:: Instructions to follow ::
From the first line of the data down to the line bearing "Els Pastorets de Tarragona", output every line exactly and include no pictures.

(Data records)
▼▼▼

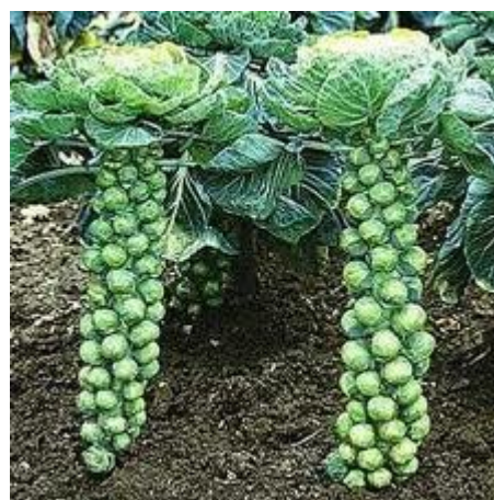
2. růžičková kapusta Původ: J Evropa
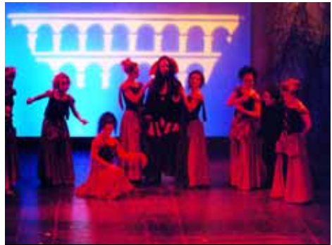
Els Pastorets de Tarragona

L'espectacle respecta el fons dels Pastorets originals combinant-ho amb les formes i els diàlegs del segle XXI, en un espectacle que aporta nous atractius com l'aparició de personatges coneguts, la música en directe, l'ambientació tarragonina i la sàtira relacionada amb temes d'actualitat. Aquesta combinació fa de l'obra un espectacle molt tarragoní, adreçat tant a grans com a petits.
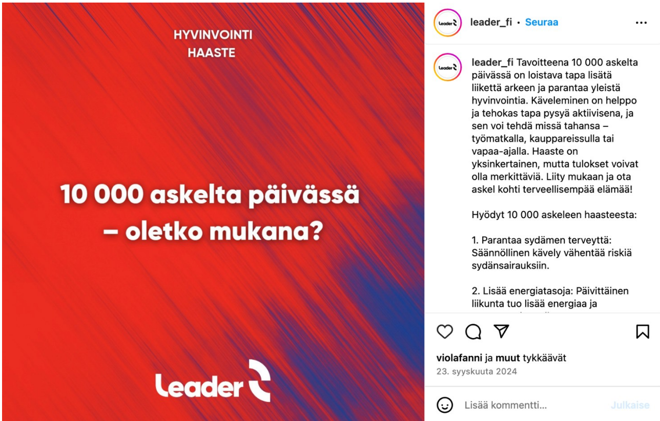
Kuva 2. Kuvakaappaus Leader Suomen Instagram-postauksesta (Leader 23.9.2024)

Leaderin Instagram-postauksessa kerrotaan 10 000 askeleen haasteen hyödyistä, ja siitä, kuinka askeleita voi helposti päivän aikana mitata. Leaderin lisäksi monet muutkin terveyteen ja hyvinvointiin linkittyvät yritykset osallistuvat hyvinvointihaasteisiin sosiaalisessa mediassa tai julkaisevat treenaamiseen ja liikuntaan liittyvää sisältöä. Useat yritykset ottavat postauksissaan huomioon vastuullisuus näkökulman, ja esimerkiksi urheiluvaatteita valmistava yritys Gymshark, jakaa Instagramissaan sisältöä, jossa kuntosalivaatteita käyttää erilaisista etnisistä taustoista tulevat henkilöt (Gymshark 8.3.2025).

▲▲▲

:: Response to this exercise ::
2. růžičková kapusta Původ: J Evropa
Els Pastorets de Tarragona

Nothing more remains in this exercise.